Все сверх меры! Все через край! В юности жаждешь сильных впечатлений. Выпивка — так с бандитами! Ветер — так норд! Море — так шторм! Закат — так вполнеба! Земля? Дыбом!! «Иду по Арбату и выкрикиваю. Грандиозно! Невероятно! Громадно! Курьезно! Бесплатно! Мама! Не любят меня! Гонят! Поцелуев не дарят! Больно! Прикусила земля лапу. Спросила насмешливо: мама? Где мама? Заорал я в ответ с силой. Мама? Там она — мама! На губах у милой!» Лирика тех лет.

И коли уже речь зашла о стихах, самым интересным с весны двадцать шестого года стал для меня дом (верней, каморка) Саши Бугославского, местного адепта самовитого слова. Хлебников делил людей на приобретателей и изобретателей: будущее только у вторых! Эга мысль тогда завладела мной. Приобретателей (подразумевалось, нэпманов и мещан), естественно, презирал, изобретателей боготворил.

Память о Хлебникове в те годы в Баку еще жила. Впервые услышал там рассказ очевидца, ставший потом достоянием историков литературы о том, как Хлебников отстал от своей воинской части в Иране и, оказавшись среди темного, враждебного населения, спасся. Несмотря на разноязычье, крестьяне-иранцы учуяли, угадали в нем поэта-дервиша, прозвали Гуль-муллой, Священником цветов, и отпустили. Лишь одну краску добавлю (слышал тогда же, но нигде не читал про это): будто стоял Хлебников со связанными руками перед фанатиком-головорезом, стоял, ждал смерти и вдруг запел, обращаясь к журавлям. Один журавль отстал и закружился над ним. Все удивились и сказали — это святой. За Хлебниковым волочились легенды.

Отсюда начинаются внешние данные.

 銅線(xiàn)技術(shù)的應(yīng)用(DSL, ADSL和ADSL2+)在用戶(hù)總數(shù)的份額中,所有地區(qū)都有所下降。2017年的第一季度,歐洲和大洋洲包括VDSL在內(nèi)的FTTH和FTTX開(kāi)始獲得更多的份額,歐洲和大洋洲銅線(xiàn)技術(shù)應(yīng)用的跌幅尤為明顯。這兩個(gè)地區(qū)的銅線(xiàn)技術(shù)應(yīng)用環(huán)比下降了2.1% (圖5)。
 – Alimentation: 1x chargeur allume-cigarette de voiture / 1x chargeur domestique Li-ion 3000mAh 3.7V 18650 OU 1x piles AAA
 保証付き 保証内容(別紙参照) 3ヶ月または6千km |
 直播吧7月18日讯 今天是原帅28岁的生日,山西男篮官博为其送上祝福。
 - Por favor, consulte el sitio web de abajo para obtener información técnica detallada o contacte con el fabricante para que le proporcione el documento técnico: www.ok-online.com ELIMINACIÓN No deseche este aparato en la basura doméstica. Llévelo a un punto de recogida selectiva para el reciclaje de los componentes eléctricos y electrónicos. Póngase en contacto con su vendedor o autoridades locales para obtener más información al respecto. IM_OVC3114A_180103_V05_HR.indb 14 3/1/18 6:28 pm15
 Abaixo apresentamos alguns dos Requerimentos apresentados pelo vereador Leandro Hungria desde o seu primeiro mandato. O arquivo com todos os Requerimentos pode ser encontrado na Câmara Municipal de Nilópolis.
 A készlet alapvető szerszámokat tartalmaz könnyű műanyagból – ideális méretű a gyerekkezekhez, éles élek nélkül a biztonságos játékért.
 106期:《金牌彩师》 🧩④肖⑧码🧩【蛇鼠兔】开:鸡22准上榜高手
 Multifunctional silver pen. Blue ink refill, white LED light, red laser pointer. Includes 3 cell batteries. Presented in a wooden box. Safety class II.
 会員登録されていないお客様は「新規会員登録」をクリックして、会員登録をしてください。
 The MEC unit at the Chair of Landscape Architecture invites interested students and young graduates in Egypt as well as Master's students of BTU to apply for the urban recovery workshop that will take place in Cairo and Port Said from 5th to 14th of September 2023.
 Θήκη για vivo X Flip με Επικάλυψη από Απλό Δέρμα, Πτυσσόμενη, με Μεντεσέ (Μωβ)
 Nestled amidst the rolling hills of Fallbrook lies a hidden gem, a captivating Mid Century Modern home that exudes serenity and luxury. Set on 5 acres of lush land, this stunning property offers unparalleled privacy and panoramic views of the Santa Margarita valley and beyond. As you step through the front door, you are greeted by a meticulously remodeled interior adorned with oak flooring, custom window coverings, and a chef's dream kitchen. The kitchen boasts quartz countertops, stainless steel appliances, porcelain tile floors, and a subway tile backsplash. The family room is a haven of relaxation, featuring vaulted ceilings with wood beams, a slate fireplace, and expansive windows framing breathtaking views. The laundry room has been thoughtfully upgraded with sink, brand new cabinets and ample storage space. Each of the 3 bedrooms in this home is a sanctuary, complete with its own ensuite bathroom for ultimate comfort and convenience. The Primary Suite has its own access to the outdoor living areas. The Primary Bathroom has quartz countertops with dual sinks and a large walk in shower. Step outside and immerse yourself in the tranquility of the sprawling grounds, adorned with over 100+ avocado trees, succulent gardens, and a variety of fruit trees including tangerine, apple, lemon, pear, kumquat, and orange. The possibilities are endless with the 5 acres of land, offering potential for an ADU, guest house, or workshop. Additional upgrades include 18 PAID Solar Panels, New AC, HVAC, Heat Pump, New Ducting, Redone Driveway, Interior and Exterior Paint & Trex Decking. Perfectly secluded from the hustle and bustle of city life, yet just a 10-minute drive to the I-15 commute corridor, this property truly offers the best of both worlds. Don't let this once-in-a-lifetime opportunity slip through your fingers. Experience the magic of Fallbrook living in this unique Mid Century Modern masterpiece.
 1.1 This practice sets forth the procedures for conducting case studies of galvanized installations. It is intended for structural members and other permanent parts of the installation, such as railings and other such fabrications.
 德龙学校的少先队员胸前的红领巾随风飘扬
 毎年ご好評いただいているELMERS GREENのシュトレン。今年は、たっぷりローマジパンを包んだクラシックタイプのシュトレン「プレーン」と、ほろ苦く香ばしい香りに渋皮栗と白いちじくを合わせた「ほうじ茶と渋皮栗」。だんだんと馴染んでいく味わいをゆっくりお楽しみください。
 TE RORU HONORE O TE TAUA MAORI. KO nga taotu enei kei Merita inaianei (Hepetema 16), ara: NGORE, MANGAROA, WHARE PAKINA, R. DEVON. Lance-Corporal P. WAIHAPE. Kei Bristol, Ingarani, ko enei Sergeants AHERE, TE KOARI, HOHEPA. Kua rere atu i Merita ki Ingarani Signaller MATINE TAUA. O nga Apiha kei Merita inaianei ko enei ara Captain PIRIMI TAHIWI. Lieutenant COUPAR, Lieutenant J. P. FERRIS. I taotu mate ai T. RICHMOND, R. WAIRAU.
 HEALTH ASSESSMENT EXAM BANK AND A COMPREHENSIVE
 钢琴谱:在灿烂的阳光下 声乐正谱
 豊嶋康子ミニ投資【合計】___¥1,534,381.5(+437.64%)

Нашей живой легендой был Бугославский. Тоже дервиш, спал в совершенно пустой комнатке на полу, всюду, как у Хлебникова, валялись рукописи, чернильница его кочевала по полу, приходилось быть настороже, чтоб не наступить. За несколько лет до того состоял в сибирской группе футуристов вместе с Асеевым и Чужаком, это создало вокруг него ореол: к нему шли все, кто тянулся к самовитому слову, люди разных возрастов, профессий, взглядов на жизнь. Каждый день он «выдавал» по стихотворению, а в свободное время вырезал ножичком экслибрисы: романтическое воспоминание о рыцарских гербах, укороченное эпохой до мальчишеского развлечения и вместе с детством возведенное в ранг поэзии. Вся поэзия была игрой в слова!

Зарабатывать деньги Саша считал для себя зазорным, царственно принимал все ото всех: разумелось, он поэт, и мы должны о нем заботиться, мы, подразумевалось, живем его заемным светом. Оглядываясь назад, вижу — поэтом он не был, сердце не участвовало в его стихах: холодные версификации! Да и в юности стихи его, признаться, не исторгали у меня возгласов восхищения. Однако какое это имело значение! До настоящих «Лефов» нам было как до Сатурна. Один лишь Бугославский среди нас хоть одним пальцем принадлежал к их великому братству и в то же время оставался для нас Сашей, хоть было ему около сорока; а на вид и того больше: глубокие складки бороздили щеки, придавая лицу сардоническое выражение.